A resurgence in unions is also essential, and not just in the model of the 1930s. Unions will need to draw on new sources of power -- as some are doing by building coalitions with other community groups advocating for worker's rights and living wages; negotiating for training, development funds, and job ladders (as is happening in some parts of the health-care and hospitality industries); and building networks that provide benefits, job referrals, and wage information to workers and contractors not attached to a single firm (as is being done by a new media workers' union in New York).

Unions need to continue to lead the way in building productive labor-management partnerships that create value and then share the gains, as they have done over the years with progressive employers in health care, communications, manufacturing, utilities, and other industries. As was the case in the '30s, labor law needs to be fixed and updated so that it will once again protect workers' right to organize, and so that it can open the way for these innovative strategies to spread across the economy.
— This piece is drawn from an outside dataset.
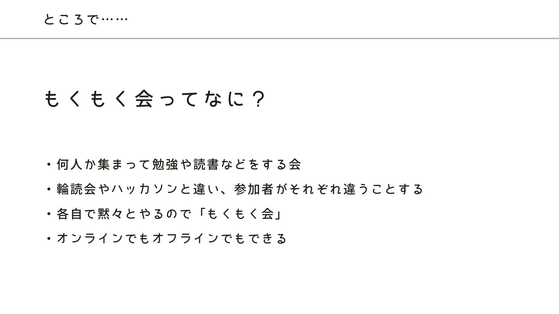 ところで…… ・何人か集まって勉強や読書などをする会 ・輪読会やハッカソンと違い、参加者がそれぞれ違うことする ・各自で黙々とやるので「もくもく会」 ・オンラインでもオフラインでもできる も く も く 会

Finally, building a new and sustainable social contract requires American firms to adopt strategies capable of generating good profits while also sustaining good jobs at fair wages and meeting labor and employment-law standards. This will require a government strategy and a set of policy initiatives as bold and creative as the New Deal, using both carrots and sticks. Tax incentives for research and development and human-capital investments, government contracts, and all other public supports should be made contingent on firms complying with labor laws. At the heart of a new social contract that fights poverty and raises wages is a national strategy to reconnect rising productivity, rising wages, and norms of fairness inside the corporation.